It wasn’t the pungent odor of stale sweat and Axe body spray or the fowl language that turned him away, though he could certainly have done without either of those. It wasn’t that he was uncomfortable with his body, either. He never really gave much thought to his physicality in general. He appreciated that his body was healthy and strong enough to help him break the school record last year in the 100-meter dash, and well enough to help his elderly neighbor Dorothy with her yard work in the summer and keep her driveway clear in the winter. Other than that, his outward appearance wasn’t something he really stressed about. He supposed he was lucky in that sense.

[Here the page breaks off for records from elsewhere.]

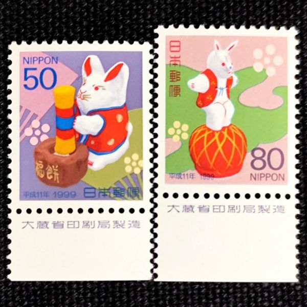 > [25012119] 年賀切手【平成11年・1999年用 うさぎ】単片2種 銘版付「餅つきうさぎ・玉乗りうさぎ」50円+80円 1998年発行 美品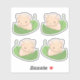 Un pequeño ratón lindo está flotando en una gran hoja verde. Conjunto de 4 pegatinas.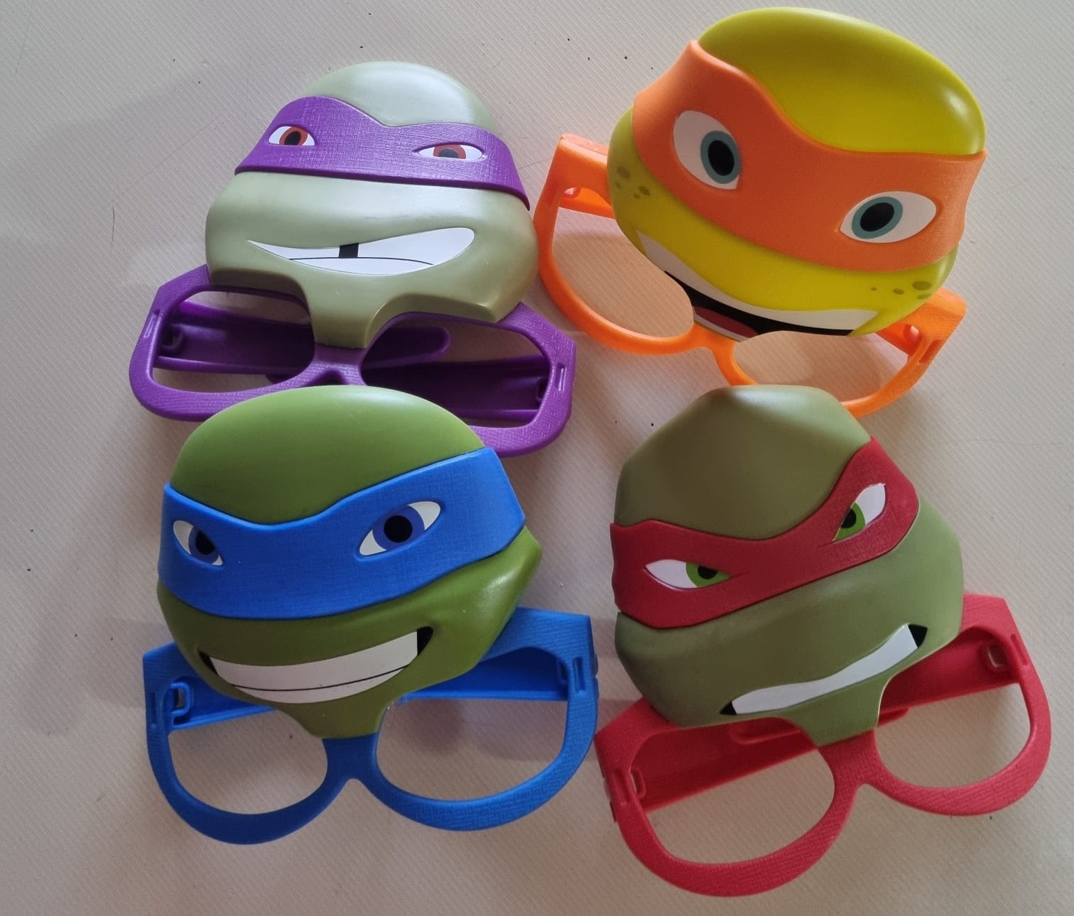 Ninja turtle plastic glasses single. Sold individually. 1 Per pack. Colours are assorted and depends on stock availability. This is a discontinued item and its the last of the last left. Great as party mask. Plastic glasses with ninja turtle face.
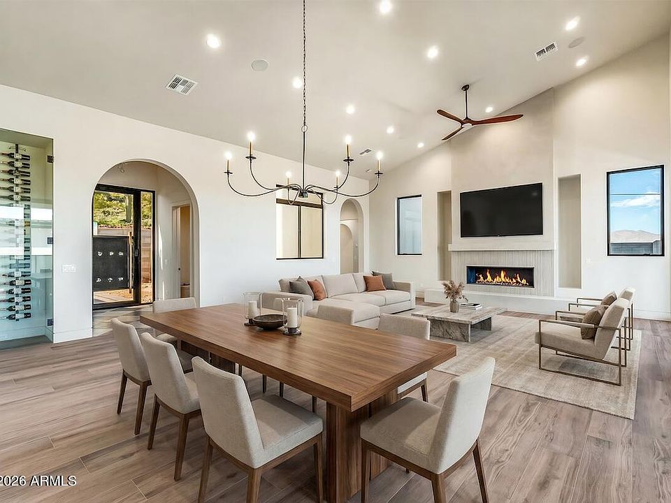 This exceptional property is a dream come true for car collectors and entrepreneurs alike, offering an extraordinary blend of living, garage, office, and shop space. Scheduled for completion in February 2026, the estate features three separate buildings with a total of 9,597 square feet under roof: a main residence, a guest house, and a detached garage with shop. The main home includes a 3-car attached garage, while the 3,147-square-foot detached garage/shop can accommodate 3 to 8 vehicles, making it ideal for collectors, hobbyists, or business owners. Located in a no-HOA area of Phoenix, this 3,272-square-foot meticulously crafted residence offers 3 bedrooms and 2.5 baths on a 1.265-acre premium lot with breathtaking mountain, sunrise, and city-light views. The thoughtfully designed split-floor plan places the primary suite on the south side of the home and two additional bedrooms on the north. High ceilings, expansive windows, and large glass doors flood the interior with natural light, creating a bright and open atmosphere throughout. The private backyard is a true retreat, featuring low-maintenance desert landscaping, a heated play pool with spa, and multiple outdoor seating areas perfect for relaxing or entertaining. The 556-square-foot guest house is fully self-sufficient for short- or long-term stays and is built with the same high-end materials and finishes as the main residence. A rare and remarkable opportunity to own a one-of-a-kind desert estate designed for luxury, lifestyle, and versatility.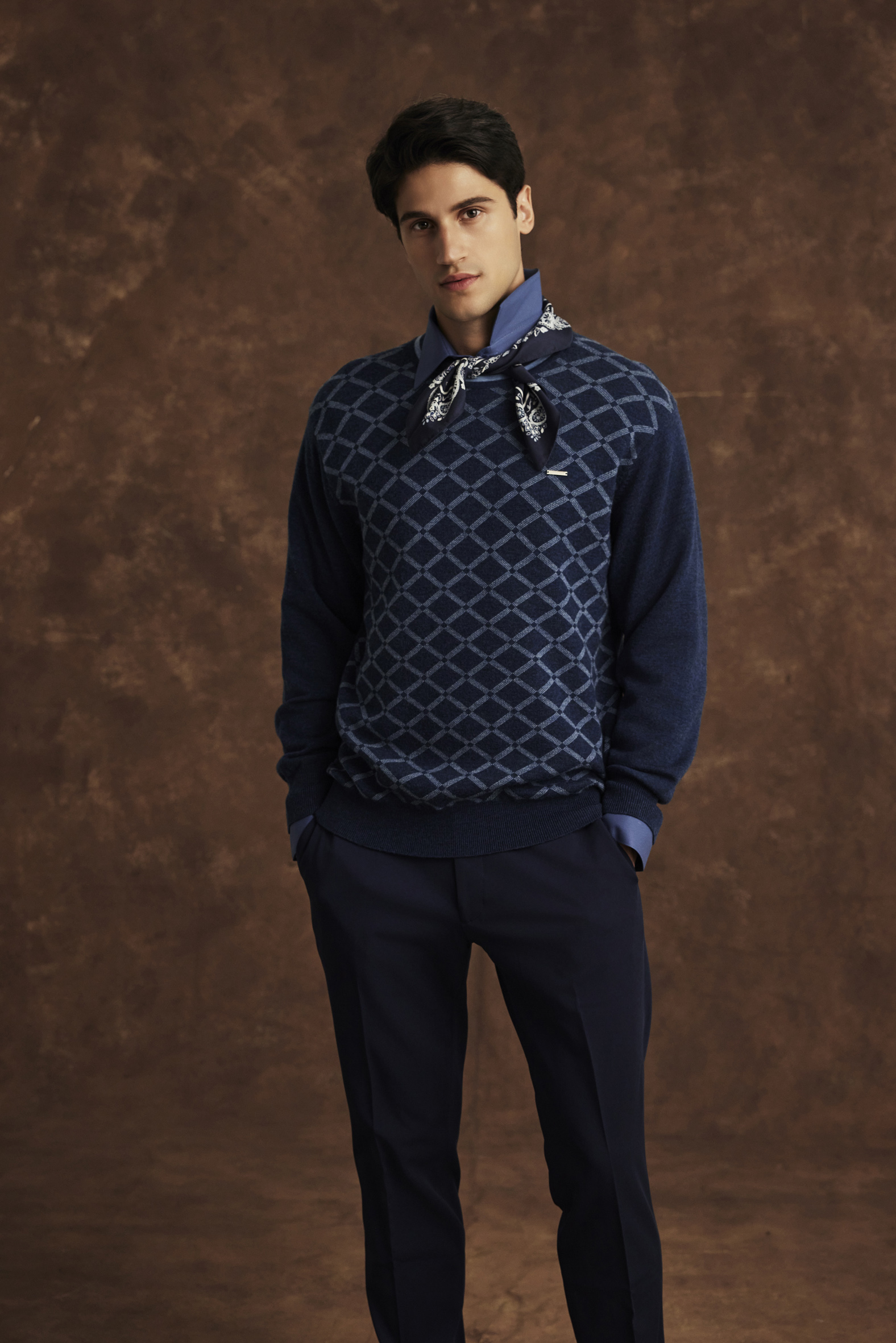 系列中的幾何圖紋針織單品,呼應 Art Deco 的裝飾藝術美學,展現內斂品味與穿搭質感。無論休閒或正式場合,皆能自在詮釋現代紳士的優雅風度。

But his days of comfortability were over the day he heard the first slur shouted across the locker room.
He remembered the way he had frozen up at the harsh word, half bent over as he pulled his leg through his gym shorts. The way his heart pounded in his chest as he thought, for a paralyzing moment, that it was being directed at him. It had taken all his willpower to force his head up to the source of the noise, and was ashamed to admit the first thing he felt was relief. The cruel, mocking eyes were pointed at someone else.
His name was Greg Sakaitus, and he had transferred here halfway through the term. Kevin didn’t know much about the new kid, except the one thing that everyone knew: He was gay. To most everyone’s knowledge, he was the only gay kid in their school. To most everyone’s knowledge, except Kevin’s.
Greg was brave. It had taken Kevin a little bit of time to come around to that conclusion. At first, it was Greg was bold, and in his lowest moments, Greg was downright stupid. He had to have been to be so forward about his sexuality in small-town Indiana. In hindsight, these thoughts probably stemmed from something that looked a whole lot like envy, buried deep underneath years of repression and denial.
“Yeah, I’m talking to you.” It was Jeremy who had yelled it, which didn’t really surprise Kevin. He was on the track team with him, part of his small circle of what he guessed he could consider friends, and had a real knack for making his opinions public. “I saw you looking at me.”
Kevin remembered the way his own cheeks burned witnessing the outburst, but now, looking back, he feels like maybe he was mostly embarrassed by the fact that he hadn’t done something more. Hadn’t stood up for him. It was what his church and his family would have expected of him, what his siblings could have looked up to, but most importantly, Kevin knew it was simply the right thing to do. The kind thing to do. Still, he was silent.
The fear that led him to stand down was a selfish one. One that he didn’t fully allow himself to examine at the time, but one that had become harder to avoid as time went on. Coming to the aid of the singular out-and-proud gay kid in the locker room, while realistically void of any ulterior motives, would have made a statement. It would have felt, somehow, like shining a spotlight on the darkest corners of his own mind, as if everyone would suddenly be able to see into him and know the sinful, impure thoughts he had been hiding in shadows all these years.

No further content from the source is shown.